All visual effects, computer-generated content and compositing work was done within the Blender software package.

The Mango Open Movie Channel on YouTube contains several videos explaining development and the techniques used by the team in making the film. There is also a behind-the-scenes documentary by user Sutrabla entitled "Throw it in the Canal."

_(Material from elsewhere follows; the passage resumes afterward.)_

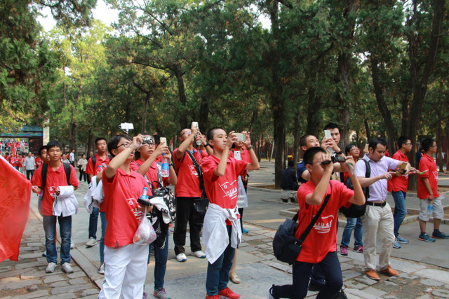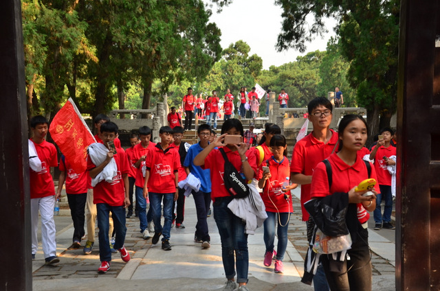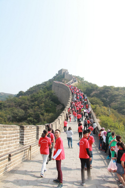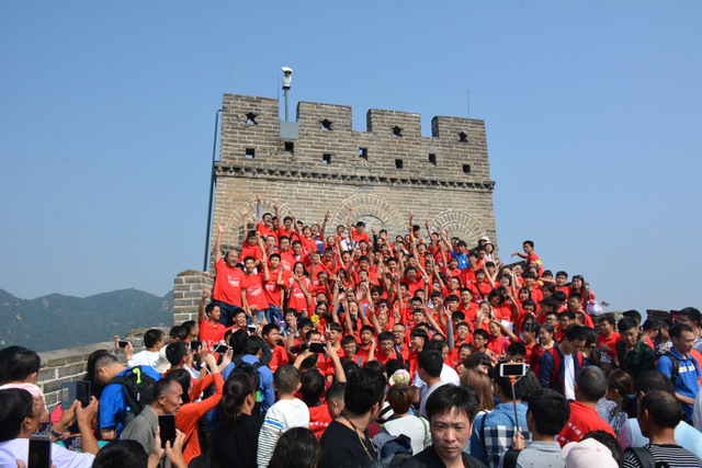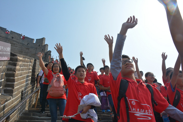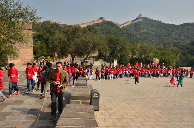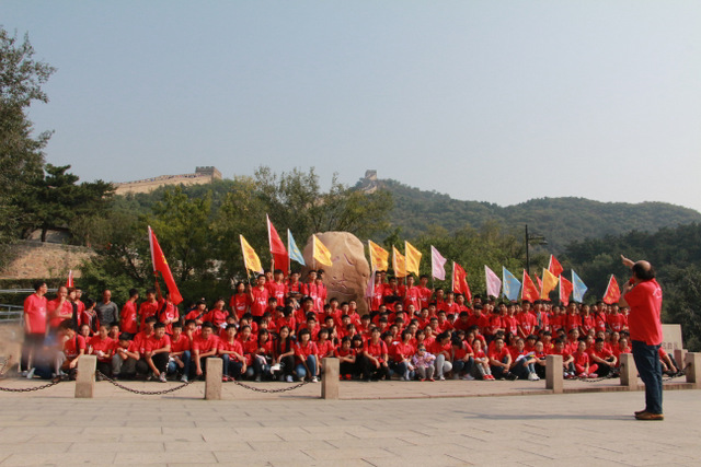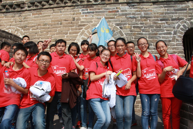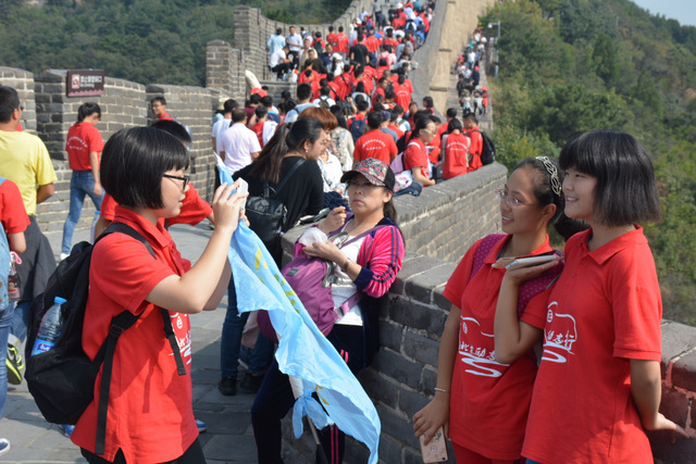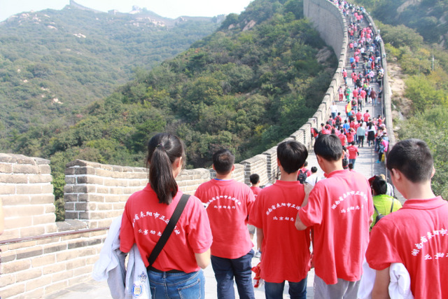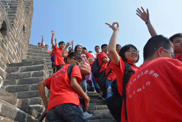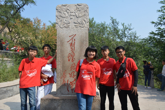 9月30日,正源学校2016年北京励志行抵京后的第二天。这一天,他们攀上了长城,游览了明十三陵,走访了北京化工大学、中国政法大学。这一天,他们身穿的“正源红”T恤杉背后印有的“湖南省耒阳市正源学校北京励志行”显得格外耀眼。

On March 15, 2013, the computer-based film makers released the source material (about 5 times the length of the used materials) into the public using the CC-by license with the major restriction that images of the actors shall not be used for commercials. The material is available using the OpenEXR half float file encoding and makes up 4 TB of data for roughly 80,000 frames using a dimension of 4096 × 2160 pixels (see also Ultra HD). It is the intention of the releasers to ease future developments for the film industry and other areas of image processing by making available this noticeably large amount of high definition professionally shot test data that has not been seen until now.

===Improvements to Blender===
As with the previous Blender Open Movie Projects, the Blender developers and community worked together to provide a movie studio style production work flow for the team. The results are a complete open source pipeline for visual effects work in Blender including but not limited to camera tracking, rotoscoping, compositing and color grading.

These features are available starting with Blender v. 2.64.

==Reception==
The reviewer David Masters praised the film's visual effects while noting that the acting was wooden in places.